*** Source information Section Begins ***

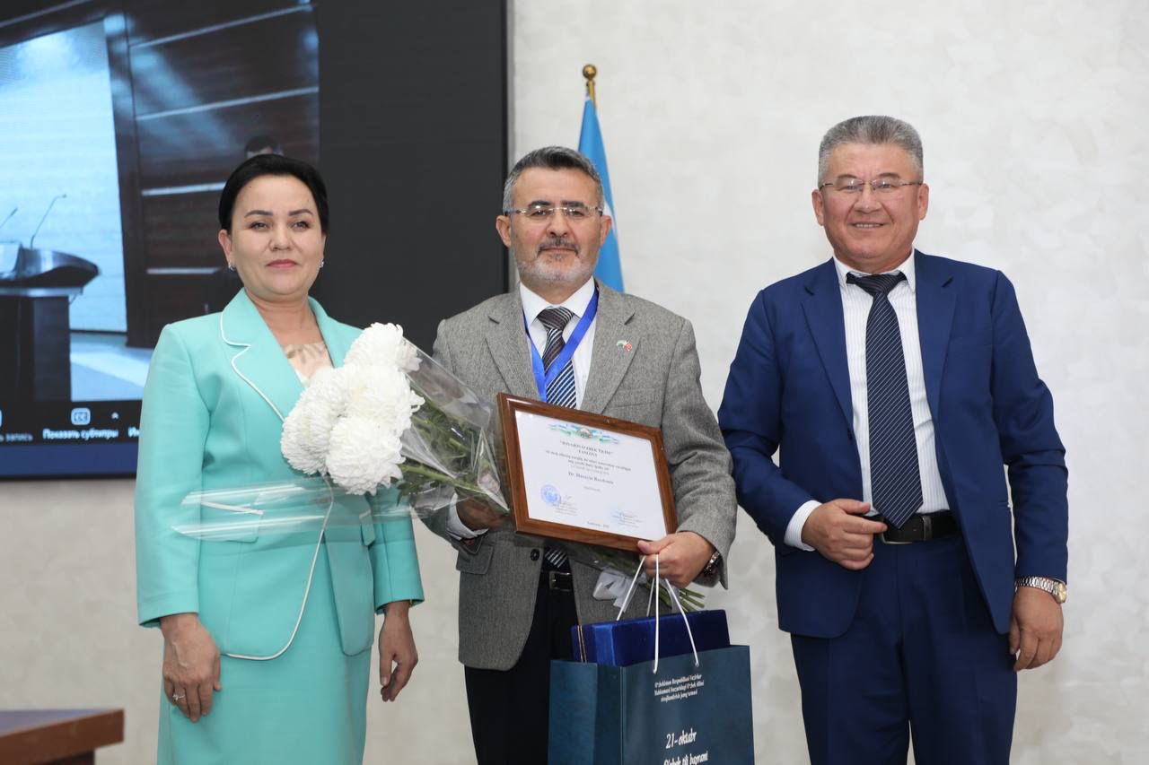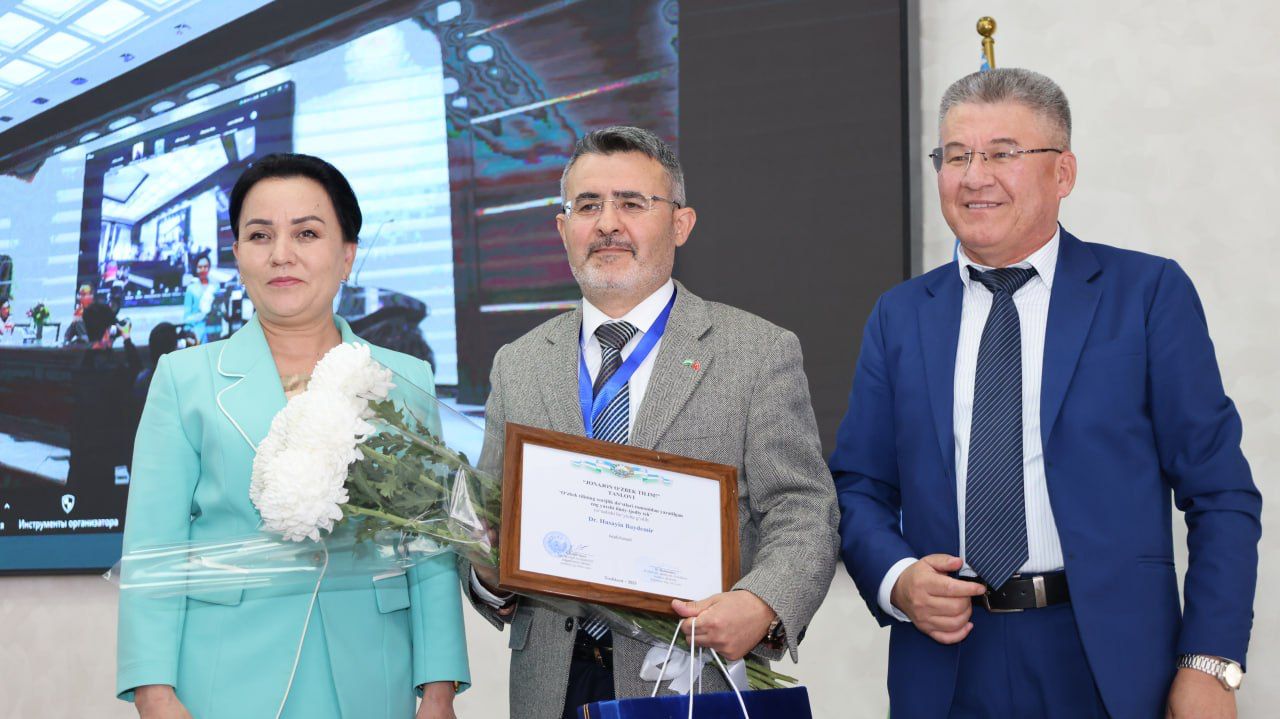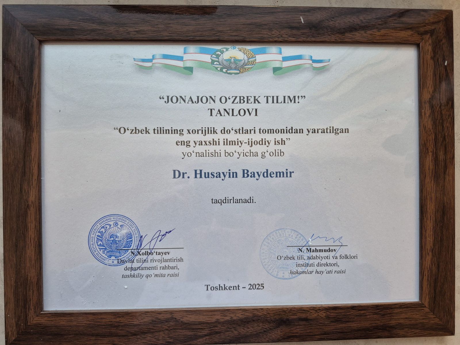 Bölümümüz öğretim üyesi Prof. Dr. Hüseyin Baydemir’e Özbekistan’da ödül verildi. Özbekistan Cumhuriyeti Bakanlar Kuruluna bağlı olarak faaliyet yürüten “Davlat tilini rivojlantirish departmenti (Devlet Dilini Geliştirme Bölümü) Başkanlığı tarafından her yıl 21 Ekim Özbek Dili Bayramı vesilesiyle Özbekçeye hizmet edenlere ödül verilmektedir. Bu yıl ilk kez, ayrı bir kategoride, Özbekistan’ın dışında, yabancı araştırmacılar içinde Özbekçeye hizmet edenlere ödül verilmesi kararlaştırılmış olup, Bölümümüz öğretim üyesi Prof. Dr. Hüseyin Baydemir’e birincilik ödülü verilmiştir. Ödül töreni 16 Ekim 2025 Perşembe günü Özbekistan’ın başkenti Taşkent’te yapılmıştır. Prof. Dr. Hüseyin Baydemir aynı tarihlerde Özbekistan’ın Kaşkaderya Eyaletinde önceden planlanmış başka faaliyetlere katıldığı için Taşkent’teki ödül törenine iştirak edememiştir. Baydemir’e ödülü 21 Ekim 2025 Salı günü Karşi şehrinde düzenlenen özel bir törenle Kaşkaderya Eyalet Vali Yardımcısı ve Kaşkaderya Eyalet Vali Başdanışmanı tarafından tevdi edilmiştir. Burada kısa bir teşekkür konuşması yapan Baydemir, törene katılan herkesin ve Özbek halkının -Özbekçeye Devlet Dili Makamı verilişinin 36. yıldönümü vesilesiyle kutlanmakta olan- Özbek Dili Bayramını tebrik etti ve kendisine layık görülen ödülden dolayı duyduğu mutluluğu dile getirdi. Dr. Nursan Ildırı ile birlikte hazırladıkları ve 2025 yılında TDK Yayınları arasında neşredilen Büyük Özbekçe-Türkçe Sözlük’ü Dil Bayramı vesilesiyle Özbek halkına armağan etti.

*** Source information Section Ends ***
*** Source information Section Begins ***

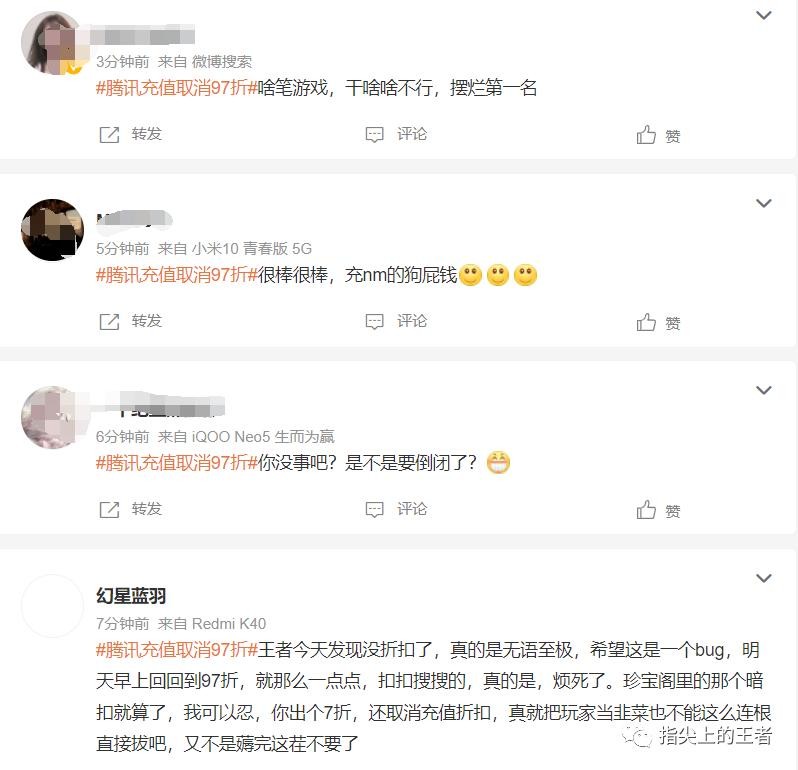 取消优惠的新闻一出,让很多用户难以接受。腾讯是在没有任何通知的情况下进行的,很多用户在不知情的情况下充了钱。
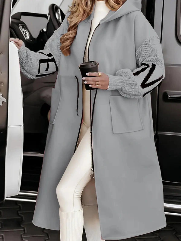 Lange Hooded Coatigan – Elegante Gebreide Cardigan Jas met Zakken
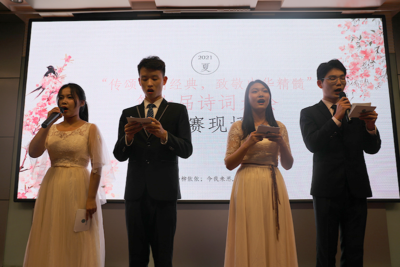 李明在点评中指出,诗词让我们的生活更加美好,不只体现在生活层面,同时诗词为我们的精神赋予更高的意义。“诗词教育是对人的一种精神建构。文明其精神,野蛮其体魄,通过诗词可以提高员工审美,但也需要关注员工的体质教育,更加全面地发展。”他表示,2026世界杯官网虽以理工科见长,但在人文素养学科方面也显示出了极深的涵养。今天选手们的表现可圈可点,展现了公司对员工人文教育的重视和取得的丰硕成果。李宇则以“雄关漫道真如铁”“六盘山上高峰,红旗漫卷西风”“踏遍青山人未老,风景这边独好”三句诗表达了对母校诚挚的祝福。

*** Source information Section Ends ***

Problem statement
In the listing above, find the line holding "取消优惠的新闻一出,让很多用" and the line holding "李明在点评中指出,诗词让我们". Reproduce those two lines and all between them exactly, leaving out pictures.

Exercise result
 取消优惠的新闻一出,让很多用户难以接受。腾讯是在没有任何通知的情况下进行的,很多用户在不知情的情况下充了钱。
 Lange Hooded Coatigan – Elegante Gebreide Cardigan Jas met Zakken
 李明在点评中指出,诗词让我们的生活更加美好,不只体现在生活层面,同时诗词为我们的精神赋予更高的意义。“诗词教育是对人的一种精神建构。文明其精神,野蛮其体魄,通过诗词可以提高员工审美,但也需要关注员工的体质教育,更加全面地发展。”他表示,2026世界杯官网虽以理工科见长,但在人文素养学科方面也显示出了极深的涵养。今天选手们的表现可圈可点,展现了公司对员工人文教育的重视和取得的丰硕成果。李宇则以“雄关漫道真如铁”“六盘山上高峰,红旗漫卷西风”“踏遍青山人未老,风景这边独好”三句诗表达了对母校诚挚的祝福。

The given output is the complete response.